● HOW TO COMPLETE THIS TASK: Transcribe exactly the lines from the top of the records below through the line that holds "With over three", both included, with no pictures.

[Dataset entries]
----------

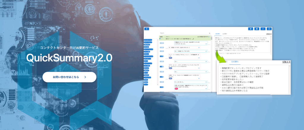 VoiceSummarizeという独自AIの機能で、お客様とオペレーターの通話内容を自動で要約してくれるシステムが最大の特徴になります。
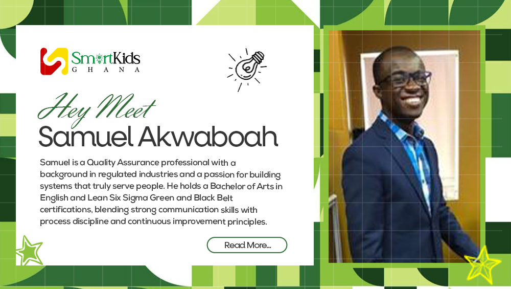 With over three years of experience in quality-focused environments, Samuel applies a structured, analytical lens to complex organizational needs. He prioritizes accountability, sustainability, and measurable outcomes believing firmly that effective humanitarian work requires both heart and operational rigor. His expertise in process optimization and performance measurement will directly benefit Smart Kids Ghana by strengthening internal systems, enhancing program evaluation frameworks, improving operational efficiency, and ensuring that every initiative delivers measurable value to the children and families we serve.
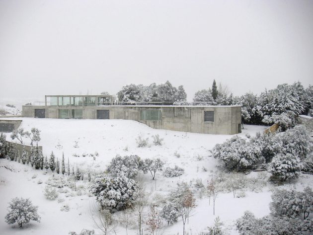 The Rufo House is a bulky concrete structure with views stretching out towards the Sierra de Gredos mountains. This contemporary two-story residence by Alberto Campo Baeza is much more than just a bulky concrete structure though.
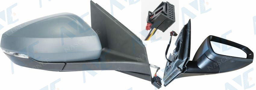 DSCP :ELECTRIC HEATED ASPHERICAL W/BLIND SPOT MONITOR FOLDABLE W/INDICATOR 10 PINS PRIMED E-MARK LHD
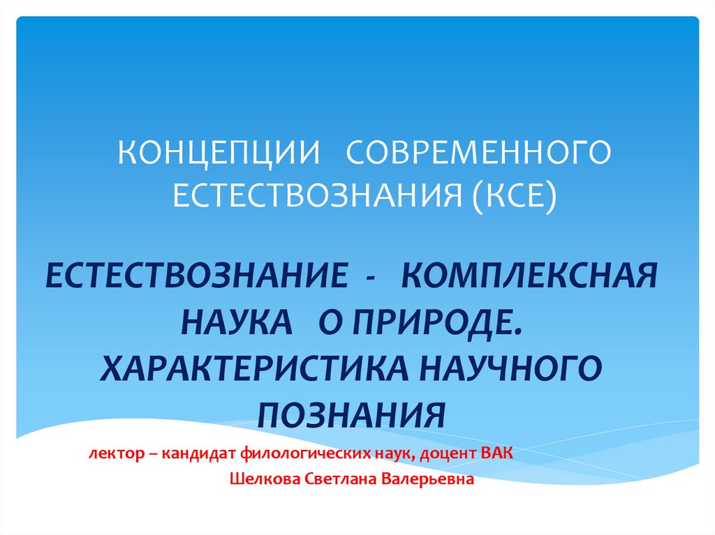 КСЕ = Концепции + Современный + ЕстествознаниеПопытка целостного рассмотрения достижений
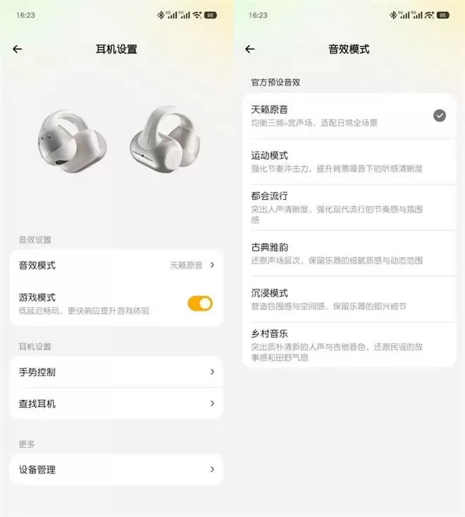 点击APP首页上半部分的耳机图像,就可以进入耳机设置,哈趣的Popvee Link APP中为耳机准备了六种音效模式,可以让用户根据自己的喜好和聆听的音乐类型,选择合适的模式。

----------

● REPLY TO THE EXERCISE:
 VoiceSummarizeという独自AIの機能で、お客様とオペレーターの通話内容を自動で要約してくれるシステムが最大の特徴になります。
 With over three years of experience in quality-focused environments, Samuel applies a structured, analytical lens to complex organizational needs. He prioritizes accountability, sustainability, and measurable outcomes believing firmly that effective humanitarian work requires both heart and operational rigor. His expertise in process optimization and performance measurement will directly benefit Smart Kids Ghana by strengthening internal systems, enhancing program evaluation frameworks, improving operational efficiency, and ensuring that every initiative delivers measurable value to the children and families we serve.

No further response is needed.